[Vue2.0 source code learning] template compilation - template parsing stage (text parser)

1 Introduction

In the previous article, we said that when HTMLthe parser parses the text content, it will call charsthe functions in the 4 hook functions to create text-type ASTnodes, and also said that in charsthe function, it will be subdivided according to whether the text content contains variables To create nodes with variables and nodes ASTwithout variables , as follows:AST

// 当解析到标签的文本时,触发chars
chars (text) {
    
    
  if(res = parseText(text)){
    
    
       let element = {
    
    
           type: 2,
           expression: res.expression,
           tokens: res.tokens,
           text
       }
    } else {
    
    
       let element = {
    
    
           type: 3,
           text
       }
    }
}

As can be seen from the above code, ASTwhen creating a node with variables, the attribute of the node typeis 2, and compared with ASTthe node without variables, there are two more attributes: expressionand tokens. So how to judge whether the text contains variables and what are the two extra attributes? This involves the text parser. When the text is parsed Vueby HTMLthe parser, the parsed text content is passed to the text parser. Finally, the text parser parses whether the text contains variables and if it contains variables, then parse expressionand tokens. So next, this article will analyze what the text parser does.

2. Analysis of results

Before studying the internal principles of the text parser, let's take a look at HTMLwhat the output of the text content parsed by the parser looks like after passing through the text parser, which will be of great help to our analysis of the internal principles of the text parser later .

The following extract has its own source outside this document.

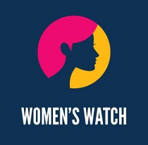 Drawing of side view of woman's head in a circle with red hair and yellow on other side of blue head silhouette with words women's watch

As can be seen from the code of the above charsfunction, HTMLthe text content parsed by the parser textis passed to the text parser parseTextfunction, and whether the text contains variables is judged according to whether the function has a return value, and the required sum parseTextis obtained from the return value . So let's first look at what the return value of the function looks like if it has a return value.expressiontokensparseText

Suppose the existing HTMLtext content parsed by the parser is as follows:

let text = "我叫{
    
    {name}},我今年{
    
    {age}}岁了"

After being parsed by the text parser, we get:

let res = parseText(text)
res = {
    
    
    expression:"我叫"+_s(name)+",我今年"+_s(age)+"岁了",
    tokens:[
        "我叫",
        {
    
    '@binding': name },
        ",我今年"
        {
    
    '@binding': age },
    	"岁了"
    ]
}

From the above results, we can see that expressionthe attribute is to extract the variables and non-variables in the text, then wrap the variables , and finally connect _s()them in the order of the text . +It istokens an array, and the contents of the array are also variables and non-variables in the text. The difference is that the variables are constructed as {'@binding': xxx}.

So what is the use of doing this? renderThis is mainly used for generating functions in the later code generation phase . We will explain this in detail later in the code generation phase. Here it can be understood as a simple form of construction.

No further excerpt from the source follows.